[[ Collected material, beginning ]]

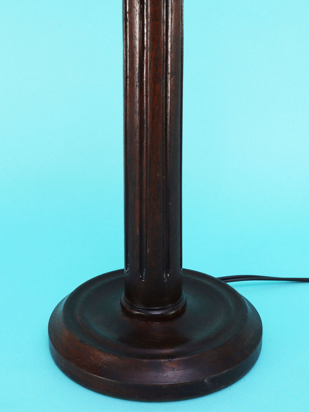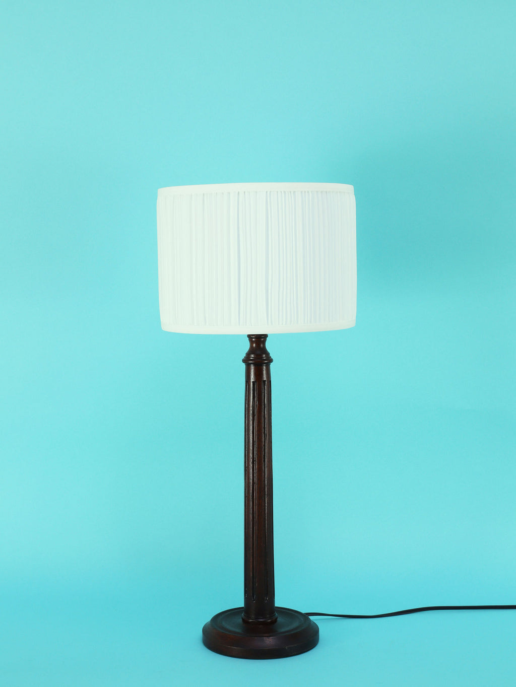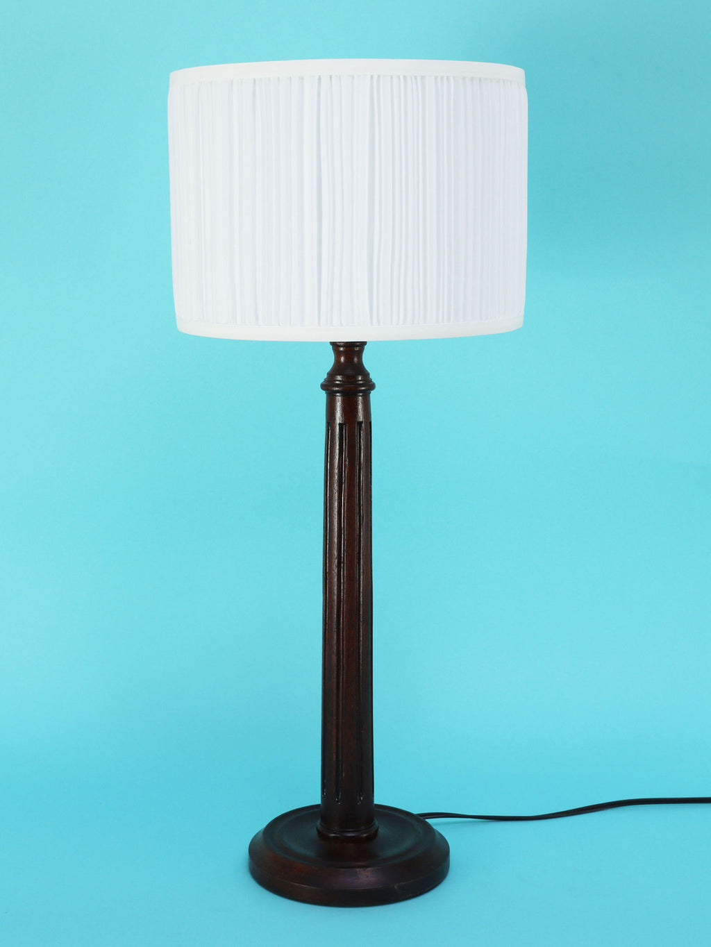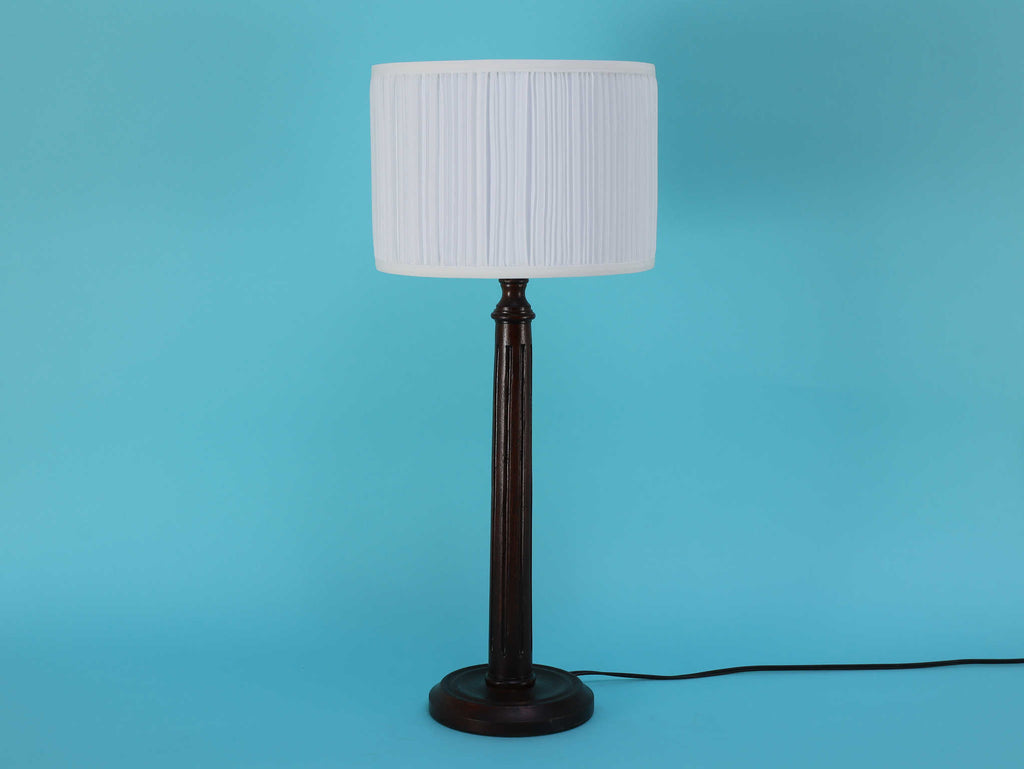 シンプルでモダンな印象のテーブルランプ。深いダークブラウンのベースは、この時代の英国家具らしい重厚で安定感のある円形台座と、すらりと伸びた柱状の支柱が特徴です。支柱には控えめな溝が縦に施されており、過度な装飾を排したデザインが、木材の持つ落ち着いた雰囲気を際立たせています。長年の時を経てきた木の古艶と深みのある色が、空間に確かな信頼感と落ち着きをもたらします。上部には、円柱型の白いシェードがつくことで、重厚なベースとのコントラストが生まれ、書斎やベッドサイドにモダン・クラシックな光を届けてくれるでしょう。飽きのこないシンプルな佇まいは、様々なインテリアに調和する一品です。
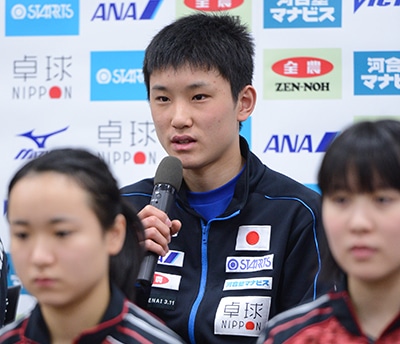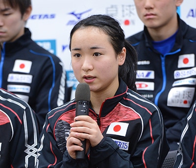 2月16日、味の素ナショナルトレーニングセンターで2018ITTFチームワールドカップの日本代表選手による記者会見が行われた。
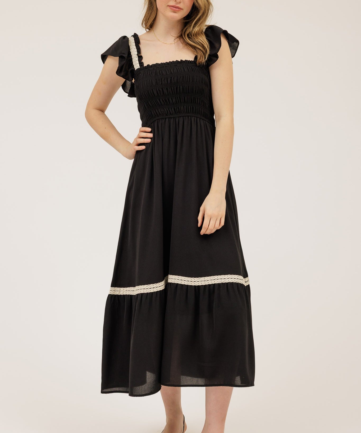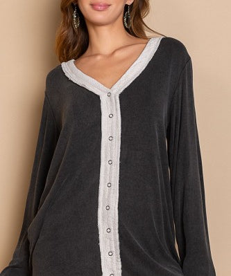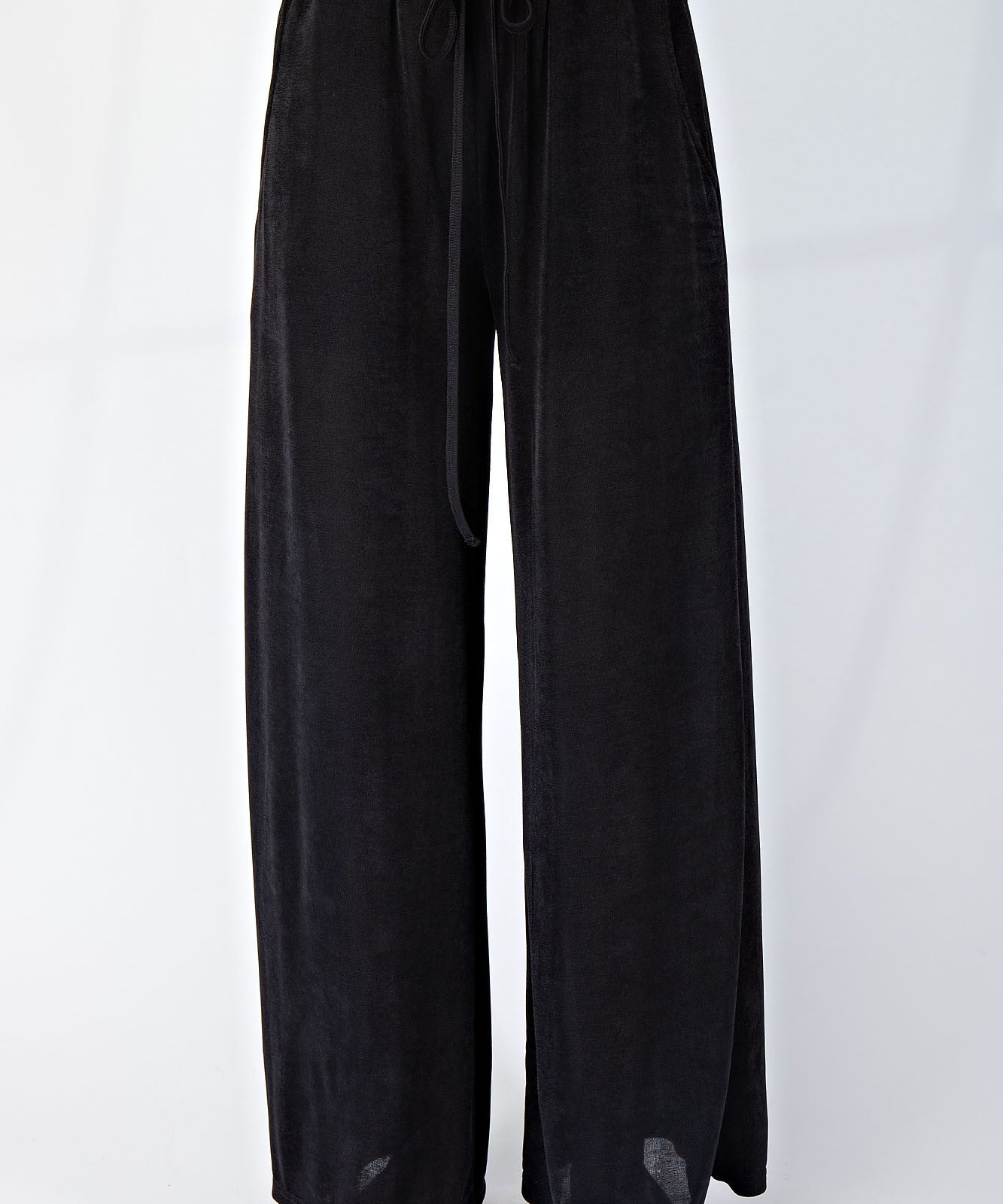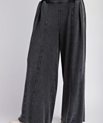 Black Smock Waist Mineral Wash Terry Knit Pant

[[ Collected material, end ]]

*Problem statement:*
Each line from the one that holds "2月16日、味の素ナショナル" through the final line of the data must be retyped exactly; the pictures must not appear.

*Reply:*
 2月16日、味の素ナショナルトレーニングセンターで2018ITTFチームワールドカップの日本代表選手による記者会見が行われた。
 Black Smock Waist Mineral Wash Terry Knit Pant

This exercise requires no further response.